2 marca 2017, 07:30 Energia elektryczna

– We wtorek (28 lutego 2017 r.) Ministrowie państw UE odpowiedzialni za środowisko przyjęli wspólne stanowisko ws. reformy unijnego systemu pozwoleń na emisje CO2 (EU – ETS). Polska razem z ośmioma innymi krajami głosowała przeciwko zmniejszeniu liczby uprawień dot. emisji. Procedurę prawną przedstawia dla portalu BiznesAlert.pl prof. Piotr Wawrzyk z Instytutu Europeistyki Uniwersytetu Warszawskiego.

Rada Unii Europejskiej ds. środowiska zajmowała się wczoraj projektem zmian w unijnym handlu emisjami, czyli EU ETS, przegłosowanym już 15 lutego przez Parlament Europejski. Zgodnie z uzgodnionym przez państwa członkowskie stanowiskiem od 2021 r. liczba uprawień do emisji będzie spadała rocznie o 2,2 proc. Niektóre kraje UE chciała jeszcze ambitniejszego podejścia, podobnie wielu polityków w Parlamencie Europejskim, ale ostatecznie wskaźnik wykreślania uprawnień został utrzymany na takim poziomie, jaki został ustalony w 2014 r. na szczycie klimatycznym.
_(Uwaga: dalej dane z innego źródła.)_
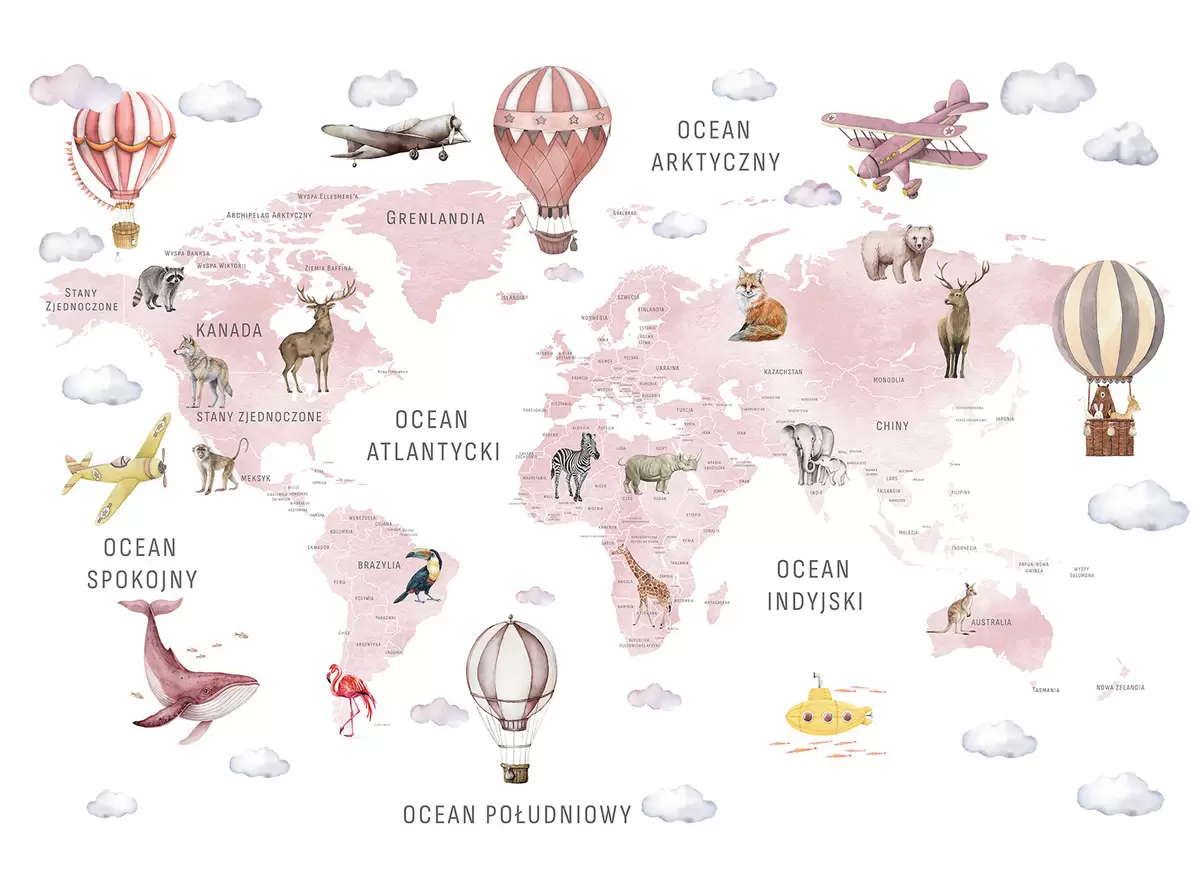 Papel tapiz Mapa infantil en estilo acuarela con animales y globos aerostáticos. Idioma polaco. Color rosa. Nr. c00001plv3
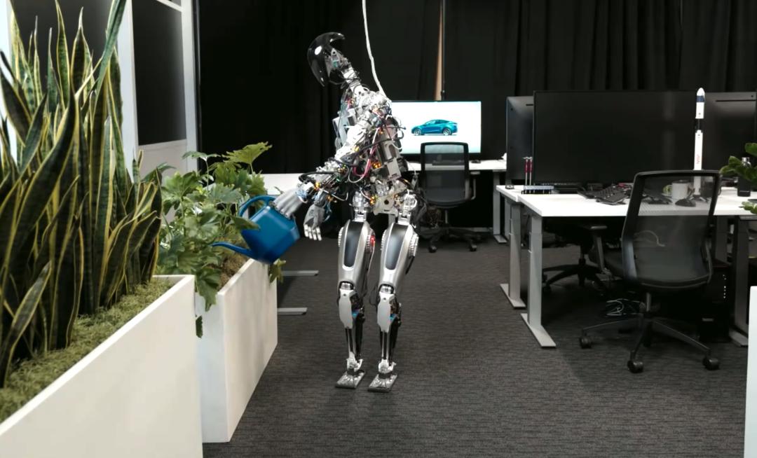 与这些工业机器人——机械臂相比,Optimus 擎天柱原型机已经具备了更加丰富的操控性,可以在特斯拉的制造车间实现简单的搬运货物,或者在办公室里帮同事们浇花拿快递。

Losy reformy ETS zależą teraz od porozumienia między Parlamentem a Radą

Jak podkreśla prof. Piotr Wawrzyk z Instytutu Europeistyki UW, w powyższym przypadku mamy do czynienia ze zwykłą procedurą legislacyjną. Akt będzie więc sygnowany jako wspólny dokument Rady i Parlamentu. – W sytuacji, kiedy Rada Unii Europejskiej przyjęła stanowisko, które jest niezgodne ze stanowiskiem Parlamentu Europejskiego, wówczas przekazuje je Parlamentowi. Traktat nie precyzuje jaką większością głosów decyduje w tej sprawie Rada – mówił prof. Wawrzyk. Następnie, w terminie trzech miesięcy od tego przekazania Parlament Europejski może:

  • zatwierdzić stanowisko Rady, (projekt uważa się za przyjęty w brzmieniu zaproponowanym przez Radę);
  • odrzucić, stanowisko Rady (projekt uważa się za nieprzyjęty);
  • lub też może zaproponować poprawki do stanowiska Rady. Ta z kolei w terminie trzech miesięcy (większością kwalifikowaną) może albo przyjąć poprawki PE, (projekt uważa się za przyjęty), albo poprawki odrzucić.

Wówczas rozpoczyna się tzw. procedura pojednawcza. – Polega ona na tym, że powołuje się wspólny komitet składający się z równej liczby przedstawicieli Rady i Parlamentu, którego zadaniem jest wypracowanie konsensusu. Musi być on jednak przyjęty w głosowaniu Rady większością kwalifikowaną i oraz większością głosów delegacji Parlamentu Europejskiego, w ramach komitetu a następnie przez każdą z tych instytucji osobno w ten sam sposób – podkreślił ekspert.